The alcoholic solution of nitro-glycerine is the preparation used in medicine and is termed glonoine or spirit of glonoine. It is made by combining 1 part of nitro-glycerine with 99 parts of alcohol; this is the one per cent solution generally used. It should be handled with care, kept in a cool place and care taken that the alcohol will not evaporate as there is danger of explosion.
Physiological action: A few drops will often cause cerebral engorgement, face becomes very flushed, followed by severe headache. As it is a very powerful brain stimulant in moderate doses, causing cerebral hyperemia, fullness and a feeling of pressure and even pain in the head, it must be used with care. It will also stimulate the heart, produce nausea if a large dose is taken.
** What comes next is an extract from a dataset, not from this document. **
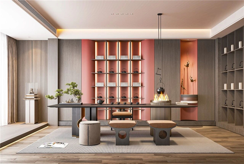 新中式×意式極簡,剛?cè)岵睦硐爰摇?/p>海創(chuàng)頂墻門柜,以全屋一體化設計,打破空間界限。從頂面到墻面,從門到柜,全案落地,省心省力。一室之內(nèi),新中式的雅致與意式極簡的利落從容切換,盡顯品位與格調(diào)。開放式客餐廳:動靜之間,風格交融客廳新中式:長條電視背景墻,上下鏤空半懸浮造型,山水3D打印畫襯底,黑白碰撞間,電視完美嵌入定制柜,大氣雅致。沙發(fā)背景:打印畫與格柵小面積穿插,精致點綴,提升空間層次感。餐廳意式極簡:島臺式設計搭配通頂餐邊柜,墻柜一體,用餐體驗更顯流暢高級。開放式廚房:轉(zhuǎn)角布局,磁吸軌道+無主燈設計,簡約利落,動線自如。私享空間:各具特色,舒適至上主臥:3D打印畫穿插做上下分割,奶白色調(diào)搭配光影燈帶,柔和敞亮,溫馨入眠。次臥:簡約新中床頭背景,一門到頂定制柜延伸為床頭柜,小空間也能舒適從容。客房:格柵拼接背景,簡約不失創(chuàng)意,待客之道自有格調(diào)。休閑活動室:靜音舒適,年味更濃過年邀友相聚,麻將聲聲,靜音設計加持,舒適又自在,歡聚時光更盡興。more +

Use: In the 1% solution in moderate doses we get the physical effect. Therefore indicated where a powerful brain or heart stimulant is needed as in cerebral anemia that comes on suddenly, anemic headache, sunstroke, neuralgia of the heart, angina pectoris, asthma, post partum hemorrhages, palpitation of the heart, in fact any condition where there is marked anemic condition of the brain and a heart stimulant is needed temporarily. Small doses act better if it has to be persisted in for some time. In emergencies it is our best remedy if indicated. We also think of it in fainting spells, sluggish heart's action with pale appearance of the patient, skin perhaps cool. If we want its sedative or primary effect small doses of the 3rd to 6th dilution should be used. In these doses it will be found to be indicated where there is flushed appearance, determination of blood to the head and headache resulting from same. The general indications of glonoine in physical doses also apply to nitro-glycerine.